[WHAT YOU NEED TO DO] Write out the data that follows exactly, keeping every picture out.

[INFORMATION PROVIDED]
== Segment start ==
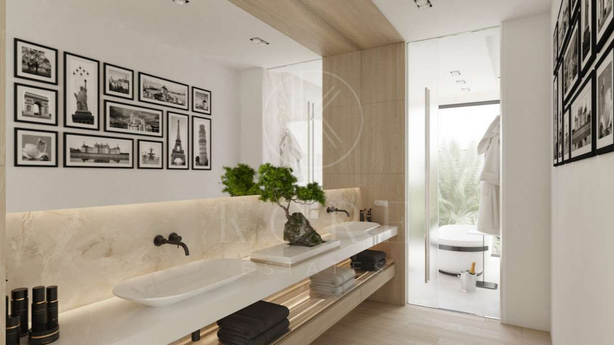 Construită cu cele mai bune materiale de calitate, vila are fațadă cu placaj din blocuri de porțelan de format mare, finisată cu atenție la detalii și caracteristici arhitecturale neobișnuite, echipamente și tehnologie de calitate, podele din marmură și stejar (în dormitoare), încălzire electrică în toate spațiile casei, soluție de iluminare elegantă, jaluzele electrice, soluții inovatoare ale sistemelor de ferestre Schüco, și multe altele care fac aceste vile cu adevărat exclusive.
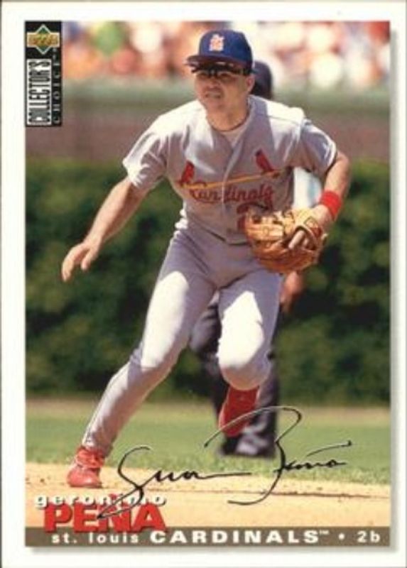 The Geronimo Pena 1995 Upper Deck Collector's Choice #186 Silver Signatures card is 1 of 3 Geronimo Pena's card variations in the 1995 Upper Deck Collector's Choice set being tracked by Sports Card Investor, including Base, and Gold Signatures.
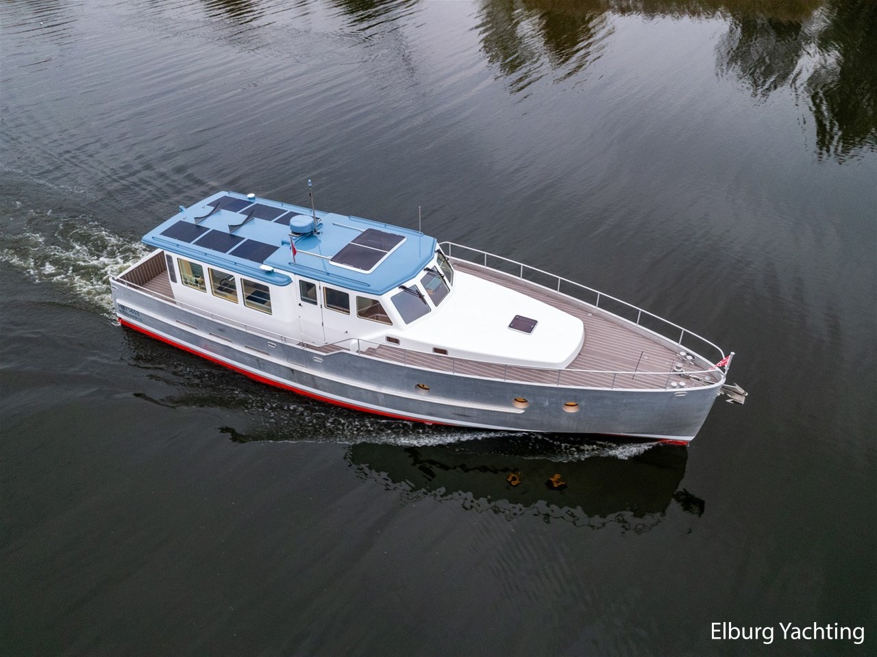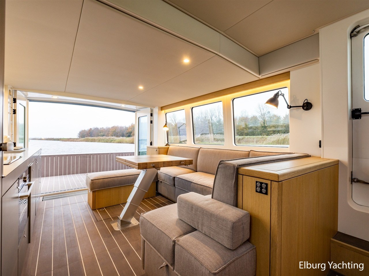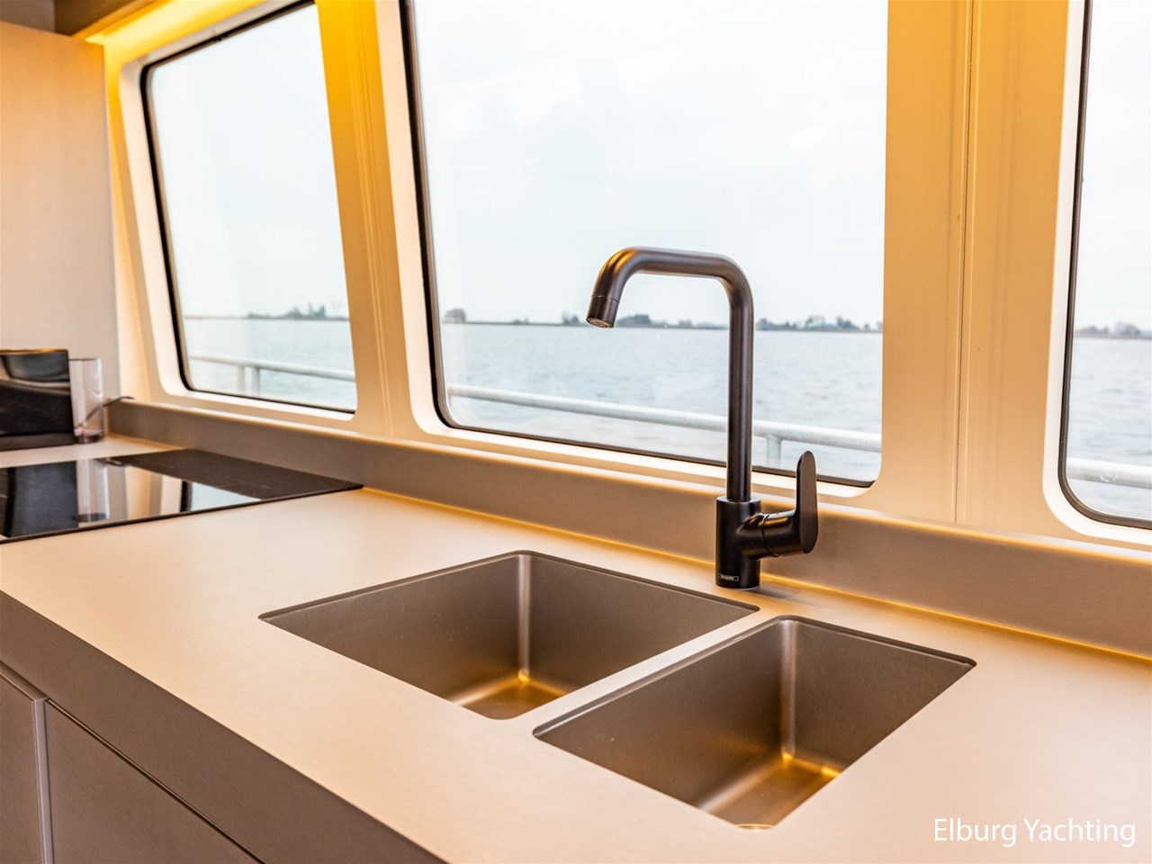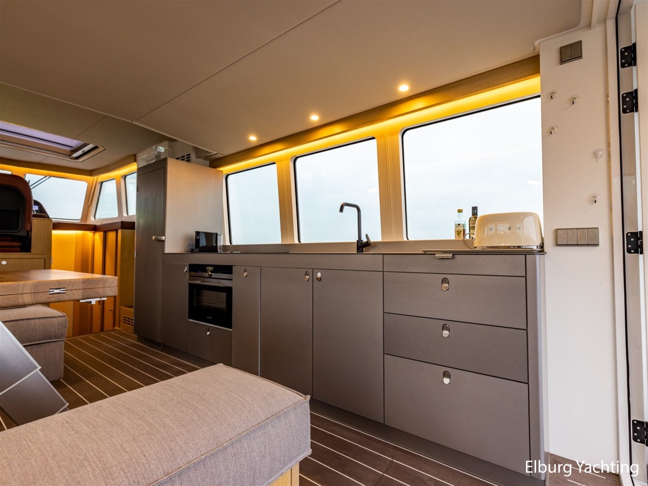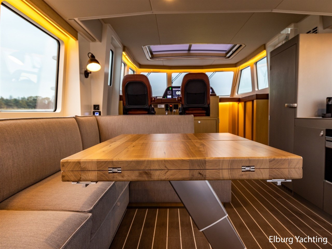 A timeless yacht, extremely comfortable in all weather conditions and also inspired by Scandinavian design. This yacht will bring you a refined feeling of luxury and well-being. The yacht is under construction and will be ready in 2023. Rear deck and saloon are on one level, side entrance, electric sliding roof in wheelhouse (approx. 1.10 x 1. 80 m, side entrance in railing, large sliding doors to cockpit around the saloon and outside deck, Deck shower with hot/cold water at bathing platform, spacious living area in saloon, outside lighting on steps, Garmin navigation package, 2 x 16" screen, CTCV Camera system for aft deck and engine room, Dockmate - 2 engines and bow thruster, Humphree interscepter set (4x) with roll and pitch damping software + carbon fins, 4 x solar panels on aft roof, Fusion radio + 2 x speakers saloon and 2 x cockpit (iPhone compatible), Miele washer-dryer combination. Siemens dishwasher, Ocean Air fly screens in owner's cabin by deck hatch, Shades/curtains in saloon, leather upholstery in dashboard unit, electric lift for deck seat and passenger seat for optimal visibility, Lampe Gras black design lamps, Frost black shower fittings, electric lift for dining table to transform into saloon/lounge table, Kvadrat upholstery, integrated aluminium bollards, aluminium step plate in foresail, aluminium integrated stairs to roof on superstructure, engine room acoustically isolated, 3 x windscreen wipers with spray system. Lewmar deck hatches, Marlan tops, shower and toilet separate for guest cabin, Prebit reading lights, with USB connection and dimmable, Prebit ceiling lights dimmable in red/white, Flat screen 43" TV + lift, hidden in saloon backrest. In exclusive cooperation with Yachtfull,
== Segment end ==
[OUTPUT FOR THIS TASK]
 Construită cu cele mai bune materiale de calitate, vila are fațadă cu placaj din blocuri de porțelan de format mare, finisată cu atenție la detalii și caracteristici arhitecturale neobișnuite, echipamente și tehnologie de calitate, podele din marmură și stejar (în dormitoare), încălzire electrică în toate spațiile casei, soluție de iluminare elegantă, jaluzele electrice, soluții inovatoare ale sistemelor de ferestre Schüco, și multe altele care fac aceste vile cu adevărat exclusive.
 The Geronimo Pena 1995 Upper Deck Collector's Choice #186 Silver Signatures card is 1 of 3 Geronimo Pena's card variations in the 1995 Upper Deck Collector's Choice set being tracked by Sports Card Investor, including Base, and Gold Signatures.
 A timeless yacht, extremely comfortable in all weather conditions and also inspired by Scandinavian design. This yacht will bring you a refined feeling of luxury and well-being. The yacht is under construction and will be ready in 2023. Rear deck and saloon are on one level, side entrance, electric sliding roof in wheelhouse (approx. 1.10 x 1. 80 m, side entrance in railing, large sliding doors to cockpit around the saloon and outside deck, Deck shower with hot/cold water at bathing platform, spacious living area in saloon, outside lighting on steps, Garmin navigation package, 2 x 16" screen, CTCV Camera system for aft deck and engine room, Dockmate - 2 engines and bow thruster, Humphree interscepter set (4x) with roll and pitch damping software + carbon fins, 4 x solar panels on aft roof, Fusion radio + 2 x speakers saloon and 2 x cockpit (iPhone compatible), Miele washer-dryer combination. Siemens dishwasher, Ocean Air fly screens in owner's cabin by deck hatch, Shades/curtains in saloon, leather upholstery in dashboard unit, electric lift for deck seat and passenger seat for optimal visibility, Lampe Gras black design lamps, Frost black shower fittings, electric lift for dining table to transform into saloon/lounge table, Kvadrat upholstery, integrated aluminium bollards, aluminium step plate in foresail, aluminium integrated stairs to roof on superstructure, engine room acoustically isolated, 3 x windscreen wipers with spray system. Lewmar deck hatches, Marlan tops, shower and toilet separate for guest cabin, Prebit reading lights, with USB connection and dimmable, Prebit ceiling lights dimmable in red/white, Flat screen 43" TV + lift, hidden in saloon backrest. In exclusive cooperation with Yachtfull,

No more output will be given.